The present study revealed that older individuals with higher education levels had higher awareness and control rates of diabetes than those with lower education levels. This is consistent with the results of some studies [32–34]. Previous studies have confirmed that education level is positively correlated with the health literacy level in patients with diabetes . The individuals with higher education are more self-conscious about health maintenance and know more about diabetes, and thus, consciously take steps to manage diabetes. A study based in the US has shown that obesity is associated with reduced awareness of diabetes, with obese individuals having lower blood sugar control levels than those with normal weight . This finding is consistent with findings of the present study. Moreover, some observational and experimental studies suggest that unhealthy lifestyles, such as alcohol consumption, are associated with poor diabetes control , which is consistent with the results of the present study.
The present study found age, BMI, and central obesity to be risk factors for diabetes prevalence, which is consistent with results of previous studies on older individuals [21, 37]. With rapid development of the economy and urbanisation, the way of living has changed significantly in Chinese individuals. Chinese consumers have shown a sharp increase in consumption of meat and reduction in consumption of cereals. People are less physically active and adopt a sedentary lifestyle, which has increased the obesity rates in Chinese population and increased the risk of diabetes [38–40]. Previous studies have shown that smoking, drinking, and lack of physical exercise are closely associated with incidence of T2DM [41, 42]. However, these associations were not observed in the present study.
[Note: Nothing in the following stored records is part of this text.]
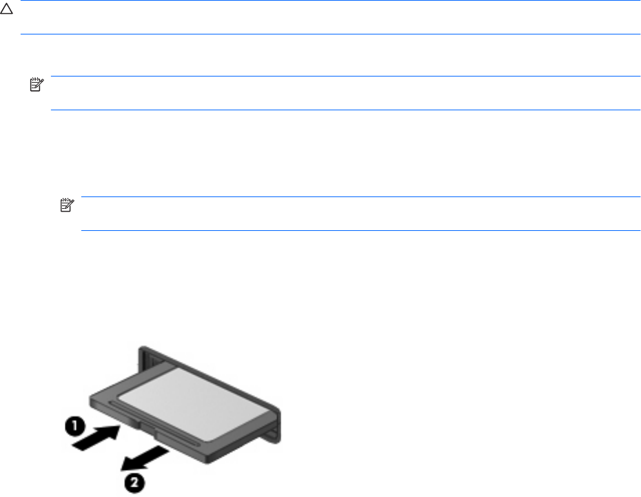 3. Dijital kartın üzerine bastırın (1) ve sonra kartı yuvasından çıkarın (2).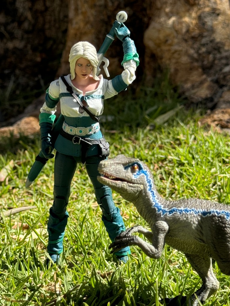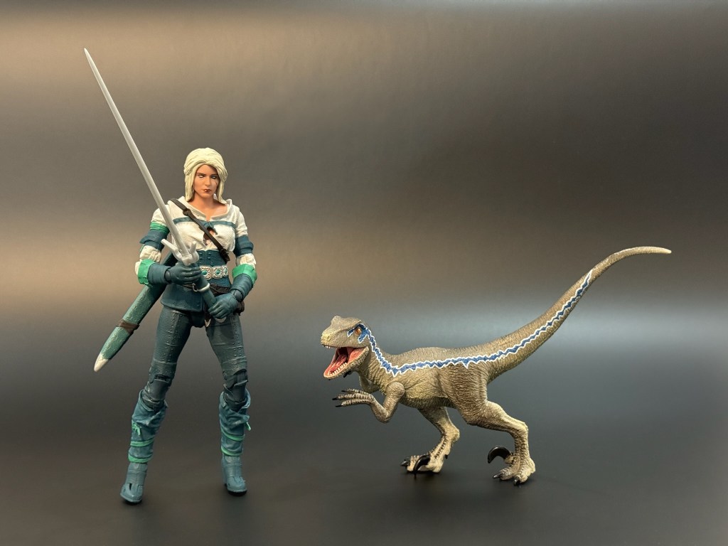 Comparación entre un humano (Ciri Elder Blood de The Witcher y McFarlane Toys) y Velociraptor TNG. Escala 1:10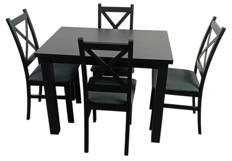 Jídelní sestava 1 stolu a 4 židlí. Deska jídelního stolu je vyrobena z LTD, nohy stolu jsou z materiálu MDF a konstrukce židlí z bukového dřeva, obojí v barvě černá mat, vše hraněné ABS páskou. Židle má čalouněný sedák v látce Moric 8 (černá),výplň sedáku PUR pěna T30. Jednotlivé díly lze zakoupit zvlášť. Dodáváme v demontovaném stavu.CASA 44003+CASA 44001

This may be because we investigated participants' current behaviour rather than past behaviour, and some subjects may have changed their lifestyle after being diagnosed with T2DM, which may have affected the results.
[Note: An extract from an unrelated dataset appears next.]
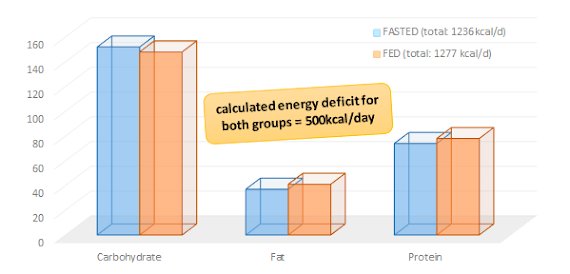 Subjects were provided with customized dietary plans designed to induce a caloric deficit. In that, their total caloric intake was calculated on the basis of the Mifflin-St. Jeor Equation, which yields adequate, but obviously not 100% precise measurements of the resting metabolic rate (max. 10% off in non-obese adults according to Frankenfield. 2005). Since the same method was used for both groups, any possible inaccuracies, due to which the real caloric deficit among the women may not be identical to the calculated one, should carry no real weight, though. And we can simply assume that all women were in the same ~500kcal/day energy deficit the researchers thought to create.![]() |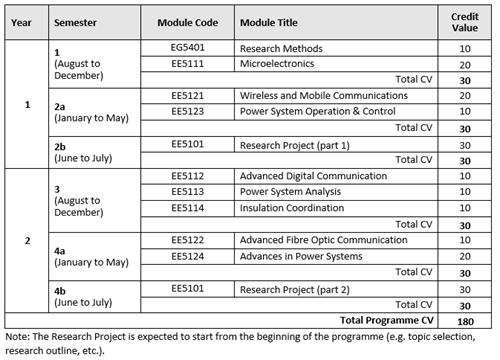 The programme also aims to provide continuing professional development opportunities related to the electrical and electronic engineering. Hence, the programme can be delivered through a two-year part-time basis, in addition to the one-year full-time programme.

To circumvent the high prevalence of diabetes and insufficiency of blood glucose control, the relevant government departments should continue to strengthen the prevention and management of patients with diabetes. First, to increase the early screening of patients with diabetes, early identification is crucial for the primary prevention of diabetes, especially in high-risk groups. Second, health workers should strengthen the management of patients with diabetes, regularly perform blood glucose testing, examine for complications, and impart self-management knowledge education in patients with diabetes. Finally, the government can adopt lifestyle intervention policies, lifestyle interventions can prevent or delay diabetes progress, advocating residents insist on physical exercise regularly, pay attention to weight, low salt, low fat, and low oil diet health education, which will help residents to develop a healthy lifestyle, improve lipid metabolism, maintain a healthy weight, and reduce the risk of T2DM.
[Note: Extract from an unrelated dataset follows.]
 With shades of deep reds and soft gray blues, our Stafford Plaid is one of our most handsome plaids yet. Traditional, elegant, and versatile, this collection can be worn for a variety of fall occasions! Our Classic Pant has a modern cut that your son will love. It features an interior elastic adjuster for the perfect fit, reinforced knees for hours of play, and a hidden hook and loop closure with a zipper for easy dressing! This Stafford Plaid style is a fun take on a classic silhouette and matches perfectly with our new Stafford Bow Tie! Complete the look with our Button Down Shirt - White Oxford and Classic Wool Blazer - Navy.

This study has some limitations. First, due to the cross-sectional nature of the study, the causal relationship between T2DM and some risk factors could not be inferred; therefore, longitudinal studies are needed to verify the conclusions. Second, the sample population comprised elderly people residing only in Wuhan, which may have caused selection bias. However, the large sample size helped reduce the bias. Finally, dietary habits, family history, and other chronic diseases associated with diabetes were not included as variables in the study.